## Instructions to follow:
Transcribe all the data below exactly, leaving its pictures out.

┌─ Dataset excerpt

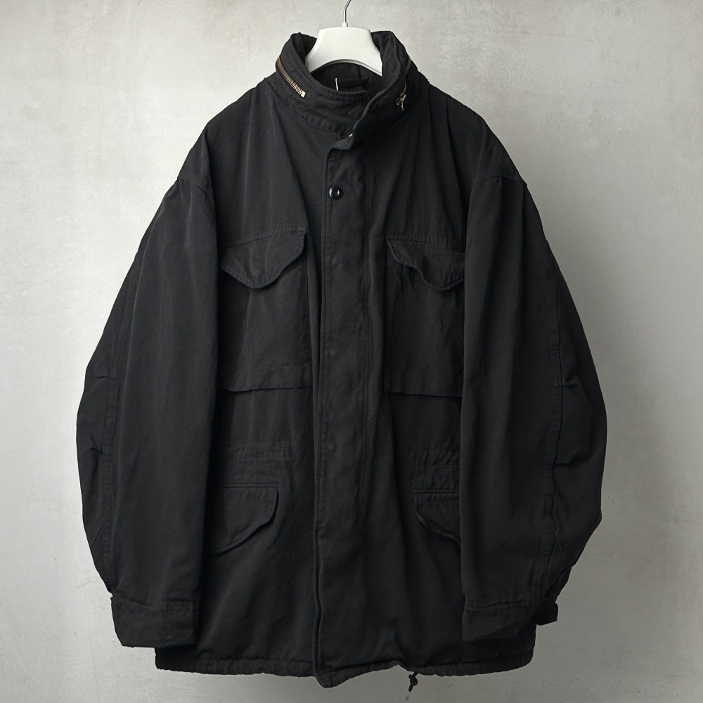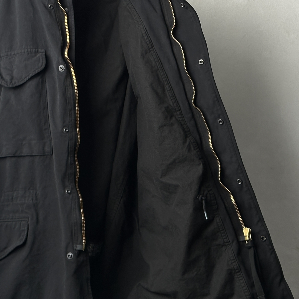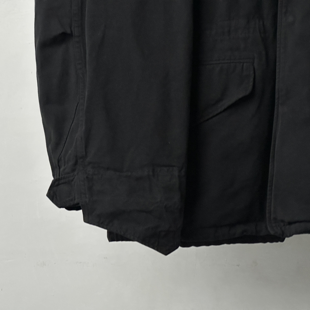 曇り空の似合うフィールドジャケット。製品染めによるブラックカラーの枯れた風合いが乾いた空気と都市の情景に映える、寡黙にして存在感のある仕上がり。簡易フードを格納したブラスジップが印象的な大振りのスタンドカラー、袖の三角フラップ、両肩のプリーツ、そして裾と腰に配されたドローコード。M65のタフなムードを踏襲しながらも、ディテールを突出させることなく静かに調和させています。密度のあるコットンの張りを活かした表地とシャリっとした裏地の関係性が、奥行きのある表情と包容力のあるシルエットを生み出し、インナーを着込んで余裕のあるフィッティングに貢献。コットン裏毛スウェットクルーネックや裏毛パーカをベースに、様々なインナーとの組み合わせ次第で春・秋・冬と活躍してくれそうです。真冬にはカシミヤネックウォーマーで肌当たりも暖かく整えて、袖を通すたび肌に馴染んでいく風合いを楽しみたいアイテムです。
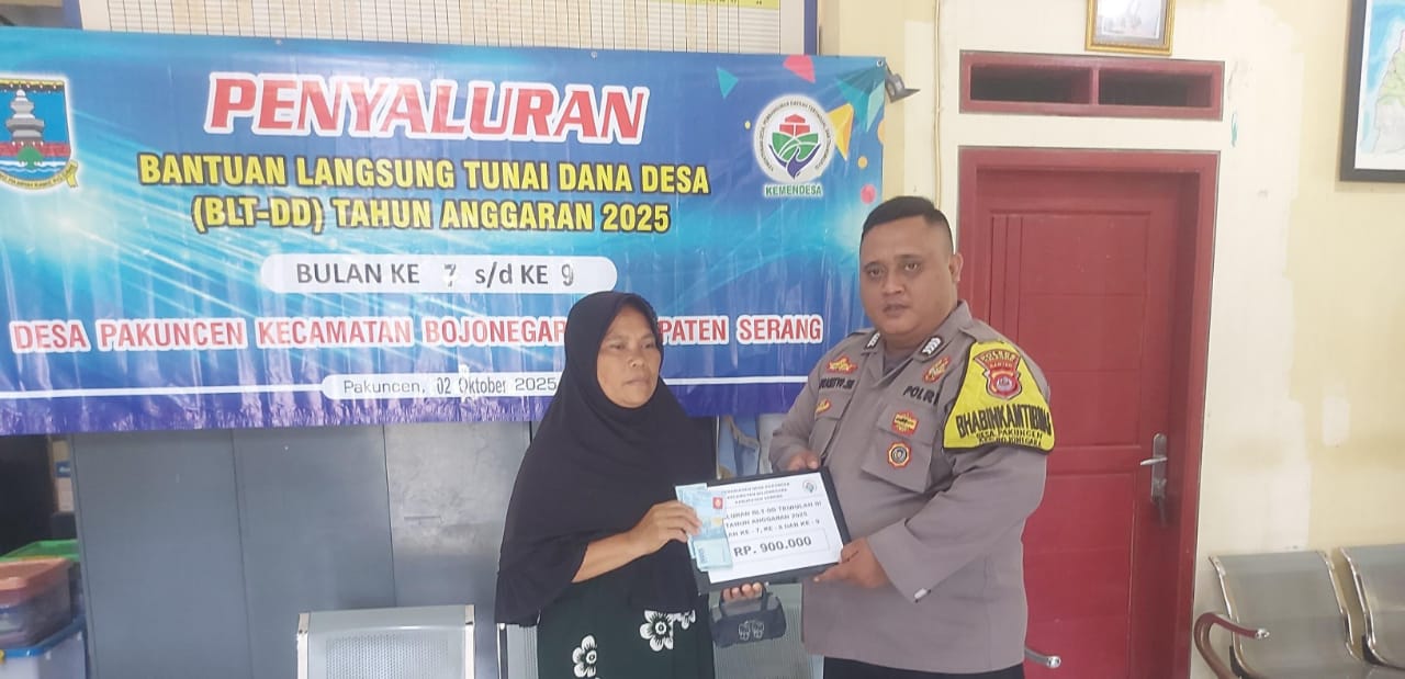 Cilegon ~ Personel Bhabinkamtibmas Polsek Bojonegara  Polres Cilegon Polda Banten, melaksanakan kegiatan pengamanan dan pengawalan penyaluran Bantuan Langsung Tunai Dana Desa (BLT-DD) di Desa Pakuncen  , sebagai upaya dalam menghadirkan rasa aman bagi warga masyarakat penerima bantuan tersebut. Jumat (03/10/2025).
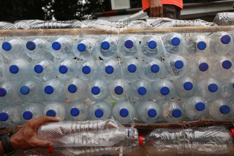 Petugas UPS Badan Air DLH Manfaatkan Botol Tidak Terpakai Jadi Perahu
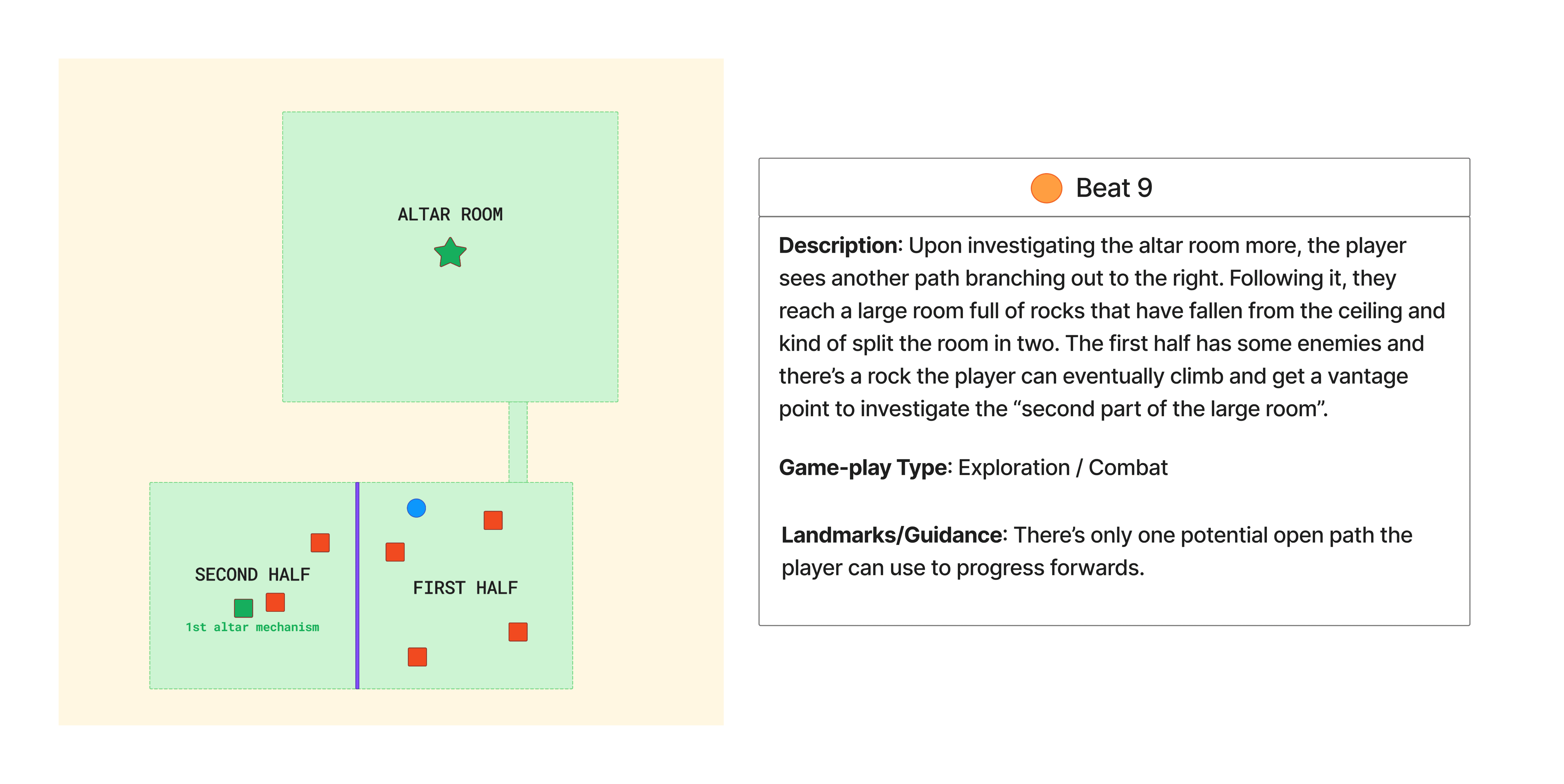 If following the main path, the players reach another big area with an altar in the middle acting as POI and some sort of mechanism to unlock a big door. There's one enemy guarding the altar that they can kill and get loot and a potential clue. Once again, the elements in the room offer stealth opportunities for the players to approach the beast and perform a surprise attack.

└─

## Task answer:
 曇り空の似合うフィールドジャケット。製品染めによるブラックカラーの枯れた風合いが乾いた空気と都市の情景に映える、寡黙にして存在感のある仕上がり。簡易フードを格納したブラスジップが印象的な大振りのスタンドカラー、袖の三角フラップ、両肩のプリーツ、そして裾と腰に配されたドローコード。M65のタフなムードを踏襲しながらも、ディテールを突出させることなく静かに調和させています。密度のあるコットンの張りを活かした表地とシャリっとした裏地の関係性が、奥行きのある表情と包容力のあるシルエットを生み出し、インナーを着込んで余裕のあるフィッティングに貢献。コットン裏毛スウェットクルーネックや裏毛パーカをベースに、様々なインナーとの組み合わせ次第で春・秋・冬と活躍してくれそうです。真冬にはカシミヤネックウォーマーで肌当たりも暖かく整えて、袖を通すたび肌に馴染んでいく風合いを楽しみたいアイテムです。
 Cilegon ~ Personel Bhabinkamtibmas Polsek Bojonegara  Polres Cilegon Polda Banten, melaksanakan kegiatan pengamanan dan pengawalan penyaluran Bantuan Langsung Tunai Dana Desa (BLT-DD) di Desa Pakuncen  , sebagai upaya dalam menghadirkan rasa aman bagi warga masyarakat penerima bantuan tersebut. Jumat (03/10/2025).
 Petugas UPS Badan Air DLH Manfaatkan Botol Tidak Terpakai Jadi Perahu
 If following the main path, the players reach another big area with an altar in the middle acting as POI and some sort of mechanism to unlock a big door. There's one enemy guarding the altar that they can kill and get loot and a potential clue. Once again, the elements in the room offer stealth opportunities for the players to approach the beast and perform a surprise attack.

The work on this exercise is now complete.